LOXO-292 is a novel, highly-selective, small molecule inhibitor of RET currently in clinical development (Phase 1, NCT03157128) for pts with advanced cancers harboring oncogenic RET alterations (e.g. non-small cell lung cancer [NSCLC], medullary thyroid cancer [MTC], papillary thyroid cancer [PTC], etc.). Here, we update data previously presented at ASCO 2018 on modulation of RET variant allele frequencies (AF) in plasma cfDNA with LOXO-292 therapy.


Blood was collected pretreatment, after 15 days of treatment, and at each restaging for cfDNA analysis by next-generation sequencing (NGS, Guardant).


As of 4/2/18, 82 pts were enrolled (38 RET fusion NSCLC, 29 RET mutated MTC, 9 RET fusion PTC, 2 RET fusion pancreatic cancer and 4 others) to 8 dose cohorts (20mg QDà240mg BID), and 343 plasma samples were collected. Here we report on 65 pts with plasma NGS results available. Of 62 pts enrolled based on a RET variant detected in a tumor sample, concordant RET alterations were detected in 41 (66%) of the corresponding pre-treatment plasma samples, including 19/30 (63%) pts with RET-fusion NSCLC and 16/21 (76%) pts with RET-mutant MTC. Median AF was higher for MTC (7.03%) than NSCLC (0.51%). In RET alteration-negative pre-treatment samples, peak AF for other detected alterations was generally low (0.28% median), suggesting low tumor DNA shed into plasma. Of 34 pts with a detectable pre-treatment plasma RET alteration and day 15 plasma NGS, RET alteration AF decreased by a median of 96%, with complete clearance in 15 pts (44%). Day 15 plasma clearance was observed at multiple doses, and was more common in RET fusion-positive (67%) than RET-mutant (8%) pts. Data for additional pts will be updated at the time of presentation.
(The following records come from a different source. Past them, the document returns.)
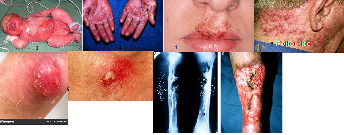 1) Síndrome da pele escaldada estafilocóccica -Aparecimento abrupto de eritema perioral localizado que se espalha para o corpo todo em 2 dias: recém nascido e criança/ IMUNOCOMPROMETIDO NÃO DEIXA CICATRIZ 2) Intoxicação alimentar -Carnes processadas, bolos recheados com creme etc: Inicio dos sintomas: 4 horas depois e duram 24 horas. Diarreia aquosa não sanguinolenta, vômitos , dor e não apresenta febre 3)Sindrome do choque toxico -Pele inteira descama, incluindo palma da mão e sola do pé 4) Impetigo -Pequena mácula – vesícula purulenta sobre base eritematosa – rompimento - crosta 5) Foliculite 6) Carbúnculos -extensão da foliculite 7)Bacteremia e endocardite 8)Pneumonia e empiema 9)Osteomielite e artrite séptica -Osteomielite decorrente de disseminação hematogênica para os ossos -Artrite pós injeções intra-articulares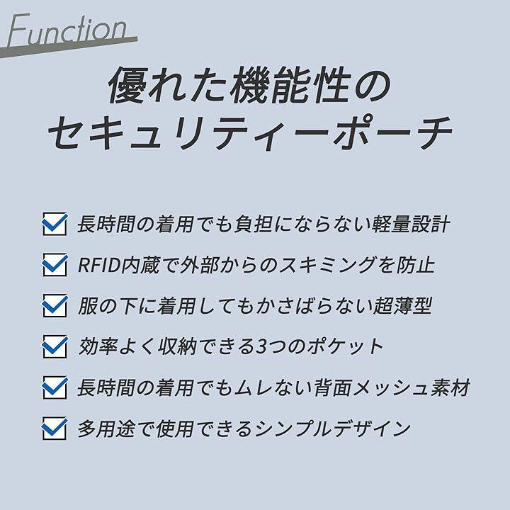「スリ対策」隠しポーチとしての機能を持ち、衣服の下に装着することでスリからの被害を防ぎます。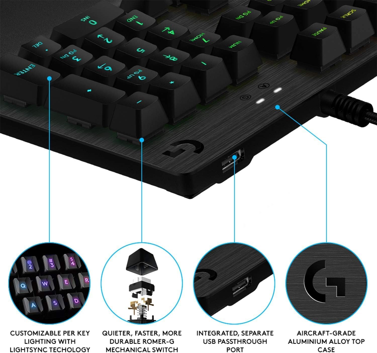 Clavier mécanique robuste avec rétroéclairage RGB, parfait pour gamers et utilisateurs professionnels qui tapent beaucoup.

The rapid clearance of RET variants from plasma cfDNA on LOXO-292 supports its observed clinical activity across a range of doses, tumor types and RET alterations. NGS of plasma cfDNA can detect a range of targetable RET variants, though tumor genotyping remains critical if the initial plasma NGS is negative. Serial plasma genotyping warrants continued study as an early pharmacodynamic marker for novel targeted therapies.

Clinical trial identification


Legal entity responsible for the study

Loxo Oncology Inc.


Loxo Oncology Inc.

Editorial Acknowledgement


B. Besse: Grant funding: AstraZeneca, BMS, Boehringer Ingelheim, Lilly, Pfizer, Roche-Genentech, Sanofi-Aventis, Servier, Onxeo, OncoMed, Inivata, OSE Pharma, Loxo. A. Drilon: Honoraria: Foundation Medicine; Pfizer; Advisory board Honoraria from Roche/Genentech, Takeda/Ariad, Loxo Oncology, Ignyta. L.J. Wirth: Personal fees: Eisai Inc., Novartis. B.J. Solomon: Honoraria: Pfizer and Novartis; Consulting or advisory role: AstraZeneca, Roche, Merck, BMS, Novartis. E. Zhu: Employee: Loxo. K. Gordon: Employee and stockholder: Loxo Oncology. K. Ebata: Personal fees and other support: Loxo Oncology, Inc during the conduct of the study; Personal fees and other support: Loxo Oncology, Inc., outside the submitted work. B. Tuch: Employee and share holder: Loxo Oncology. All other authors have declared no conflicts of interest.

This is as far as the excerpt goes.